How to stop Mental Fatigue in tennis


It is a fact that tennis is mostly a mental game, especially at a high level of play. Almost every professional player is fast, strong and have amazing techniques and skills. The difference that separates the champions from the others is the mental strength.

Here are some tips that can help you improve instantly on court and can even be used off court.

Physical and Mental Fatigue

If you have played a full tennis match or watched tennis players in the grand slam, you know for a fact that tennis is long and tiring. When your body starts to get tired, it lets you know by making your legs feel heavy, muscles start to cramp up or ache, joints start to tingle and you start to breathe heavily.

This happens to every single person in the world.

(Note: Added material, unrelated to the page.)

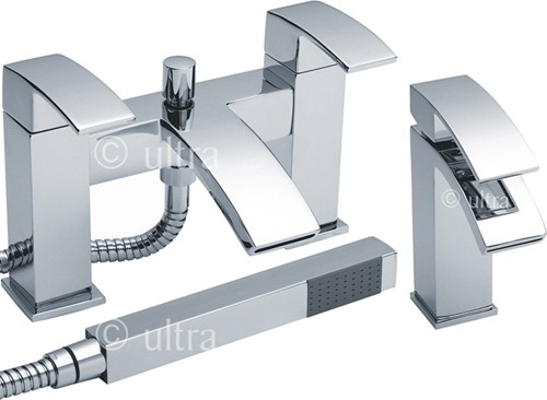 Ultra's Vibe range of showers and taps are manufactured from solid brass and have easy to use curved lever handles and modern waterfall spouts.

However by the time you receive these signals, it is too late. Your brain tends to let you know what is going on a bit later than your body. Before you know it you are out of mental strength, you start to lose focus and concentration.

You are making more mistakes now than a few minutes ago, It is easy to recognize when you are running low on mental strength. But it is hard to fight it. This is where the best tennis players have an edge over the others.

How can fatigue affect your tennis?

Fatigue has both a physical and psychological aspect.

Fatigue can be an energy and concentration killer.

The physical effects of fatigue are:

  • heavy legs
  • muscle stiffness
  • joint aches
  • shortness of breath
  • slower reactions
  • reduced pace on the ball
  • reduced accuracy
  • sluggishness
  • reduced focus
  • reduce concentration
  • irritability
  • easily angered

While the physical effects of fatigue are a problem, the psychological impact of fatigue can be a killer to your sport performance.

When you get tired towards the end of a match, you often lose focus and concentration. Your mind wanders as you start dwelling on your physical condition.

Not only do you feel lethargic, you focus on the feelings of being lethargic. So during the most important points of the match, you are no longer focused on winning points.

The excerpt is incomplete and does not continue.